China Daily, the largest English-language newspaper in China, carried a front-page headline last week: "Village Gratitude Shows Integrity of Task."
Not clear what that's about, and the opening sentence isn't much help: "On a hot afternoon, Zhou Yi picked up a bag of freshly boiled eggs that had been left on the doorstep of the committee office in Chaqulak village in the Xinjiang Uygur autonomous region." I figured this must be some feel-good story about the noble, uncorrupted country folk taking care of the less fortunate in their midst.
But read on. Zhou Yi is not a homeless man dependent on the generosity of his fellow peasants who have little enough for themselves, etc. He is one of a group of "regional-level officials sent to live in Chaqulak as part of an initiative to provide officials with firsthand experience of working at the grass-roots." The officials were grateful for the eggs.

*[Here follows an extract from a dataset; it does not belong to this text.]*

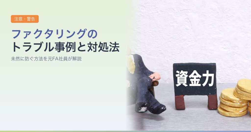 ファクタリングのトラブル事例と対処法を解説。契約書の見落としや悪質業者の見分け方、未然に防ぐ5つのポイントを元FA社員が詳しく説明します。 -
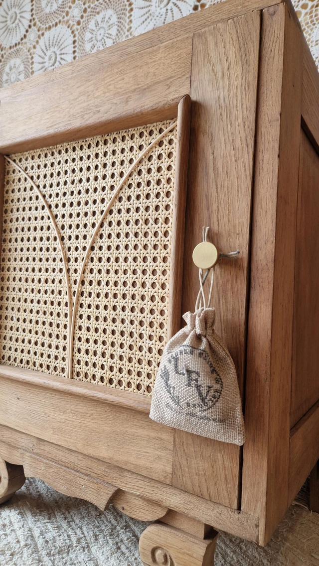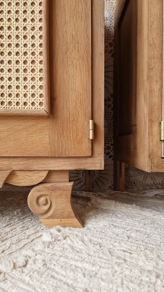 Les portes sont habillées de cannage naturel et de moelle de rotin.

Apparently they don't get a per diem.
A program to send bureaucrats into the countryside to see what real work is like? It's possible the story is not so simple, and maybe China Daily has an agenda here. But it sure sounds like what went on during Mao Tse-tung's Cultural Revolution of 1966-76, doesn't it? The founding editor of China Daily himself spent nine years doing menial work on a farm somewhere before he was allowed to return to Beijing.
I thought that stuff didn't happen anymore. In 1979, just three years after the Cultural Revolution collapsed, Deng Xiaoping reversed course and China started down the capitalist road, with stunning results that any visitor can see: small towns converted into huge cities with millions of people living in high-rises, driving cars (or taking new subways); choking on pollution but nevertheless happy to be enjoying the fruits of a free-market economy.
And yet the Communist Party retains absolute political power (although there are now real elections at the village level, with multiple candidates and all the fixin's). In fact, the party takes credit for reforming the economy, and may even deserve it.
So how does all this fit together? How free is the average Chinese citizen? How much communism is left in the Communist Party? Will free-market capitalism inevitably lead to democracy? Or have the Chinese discovered some new Confucian synthesis of free markets and authoritarian rule?
These are the kind of questions that an American visitor to China will naturally have. And after eight days there (in a small group of journalists whose way was paid by a foundation funded by a Hong Kong billionaire), I now have all the answers.
Actually, whatever insights I may have gained during my visit came mostly from reading James Fallows' new book, "China Airborne," on the plane coming home. Fallows spent several years in China with the explicit and full-time purpose of trying to understand it. He writes that to talk about China (population 1.3 billion) as a single entity is absurd:
"When acting on the international stage, or when imposing some internal political rules, the central government can operate as a coordinated entity. But most of the time, visitors ? and Chinese people too ? see vividly and exclusively the little patch of 'China' that is in front of them, with only a guess as to how representative it might be of happenings anywhere else."
Fortunately, while Fallows was learning about China firsthand, I was in Washington taking an advanced course in guesswork at the National Punditry Institute. So here is my best guess about China: More than two decades after the fall of the Berlin Wall, it's pretty well established that freedom and democracy really are universal appetites. Everybody wants them, with no special exemption for Asian cultures.
But would you give up your right to vote in exchange for a job in the city, indoor plumbing, a TV? That's what many Chinese people believe their country is doing: moving slowly in introducing democracy in order not to interfere with the mad dash to capitalism.
The Chinese are still ruled by a regime that killed millions in defense of a philosophy it no longer believes in. But now it rules with a lighter, and somewhat whimsical touch.
An older dissident type told us that young adults didn't even know about the events 23 years ago in Tiananmen Square. We asked a bunch of college students. They giggled and snorted: Of course they knew about Tiananmen Square. Would they write about it in the school paper? More snorting: Of course not. They seemed perfectly comfortable with the anomaly, maybe because they think it won't last.
Even more comfortable was a huge manufacturing firm that had set up a series of inspirational posters near the front door. Most of them were filled with business school babble about corporate culture. In this environment, one poster about the important role of the Communist Party stood out. And in fact the party had supplied funds to get this company started. In every other respect, it seemed like a big company anywhere in the capitalist world. (And I was there for more than 45 minutes, listening to a discussion in a foreign language, so I know.)
The best-known bit of totalitarian-style repression in China is the notorious "one child" policy. It is still the rule, but it is enforced somewhat sporadically. If you are an only child of your parents, you yourself may have more than one. Some people who can afford it just pay the fine as a cost of having children. And meanwhile China faces a shortage of working-age people to support a growing number of old folks. So even putting ethical issues aside, the whole thing looks like a mistake. It won't last.
Yes, the Chinese Communist Party continues to do terrible things, as the case of Chen Guangcheng demonstrates. But the party also seems to function as sort of a Rotary Club that you join if you want to get ahead in China's raucous, utterly non-communist economy.
Michael Kinsley, a former editorial page editor of The Times, is a Bloomberg View columnist.